Она даже головы не повернула. Я собирался проявить настойчивость, но ее коллега смерила меня взглядом в стиле Аль Капоне. Что я наделал, черт возьми! А русская идиотка еще и подписала себе смертный приговор прямо перед Комиссией!
Я решил потихоньку выскользнуть из этого сумасшедшего дома и выкурить сигарету в главном холле, чтобы собраться с мыслями. Это было не слишком умно: едва полицейский закрыл за мной дверь зала заседаний, на меня набросились полдюжины коллег.
— Что там произошло? Кто кричал?
— Что сделала русская?
— Они ее подловили? Она созналась?
Я дал им выпустить пар и не спеша зажег сигарету. Что они все здесь делают, почему судьба Марины Андреевны Гусеевой их вдруг так озаботила? Ведь два предыдущих дня их здесь не было видно. Это я у них и спросил.
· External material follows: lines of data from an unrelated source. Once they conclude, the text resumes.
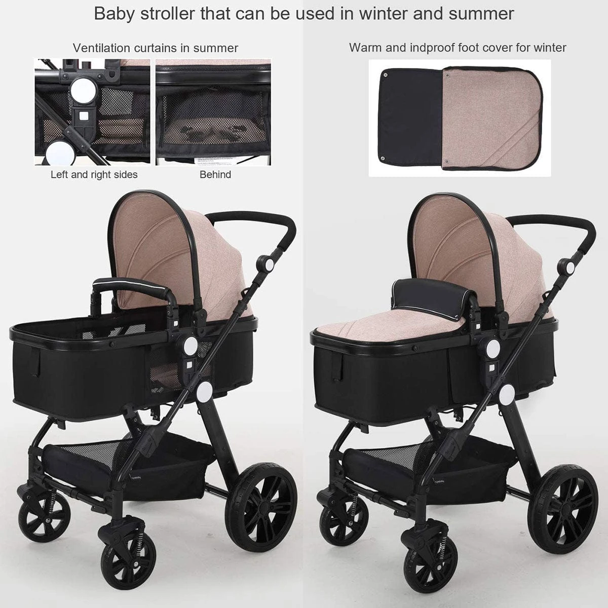 - STROLLER CEILING ADJUSTABLE: CyneBaby High-view Baby Stroller With Reversible Cradle has 4 wheels, which means it can be adjusted. It is also incredibly stable and runs smoothly. Seat cushions are detachable, washable, and have an adjustable foot rest for both sleeping and sitting positions.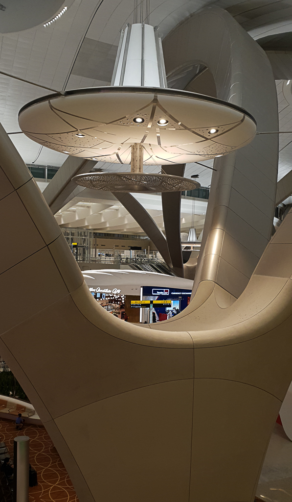 In Abu Dhabi verbringen wir 5 Stunden auf dem futuristischen Flughafen. Zu unserem Leidwesen ist die Klimaanlage auf 17 Grad eingestellt und das Licht im Liegestuhlbereich so hell, dass an Schlaf nicht zu denken ist. Dafür ist das Gebäude umso beeindruckender. Von hier aus geht es nach gut 10 Wochen zurück in die Heimat.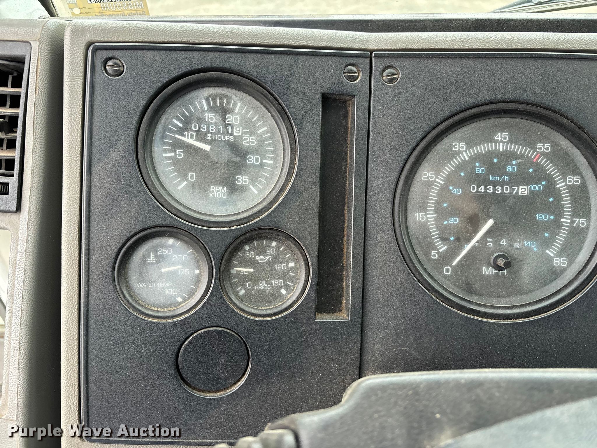 Purple Wave is selling a used Street Sweeper Truck in Missouri. This item is a Sterling/Elgin SC-8000 with the following: Miles: 43,307 on odometer, Hours: 3,812 on meter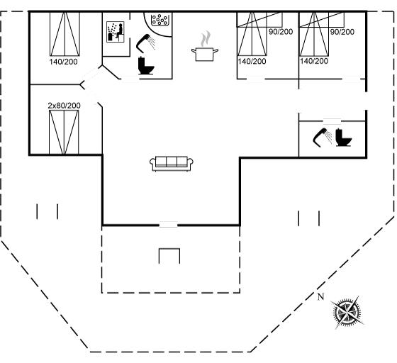 Der er i alt 4 soveværelser. Sovepladserne fordeler sig på: 8 sovepladser i dobbeltsenge. 2 sovepladser i køjeseng. Derudover er der 1 stk. barneseng.

— Так с тех пор, как ты стал любимчиком КРАД, ты и газет не читаешь?
— Ты ошибаешься, Том, но Ал млеет лишь от чтения собственных баек…
Это было почти справедливо. Я уже дня два-три не просматривал опусы коллег, а следовало бы. Мне тут же сунули под нос несколько свежих передовиц. «Нью-Йорк Монинг Джорнел», «Вашингтон Геральд», «Дейли Миррор»…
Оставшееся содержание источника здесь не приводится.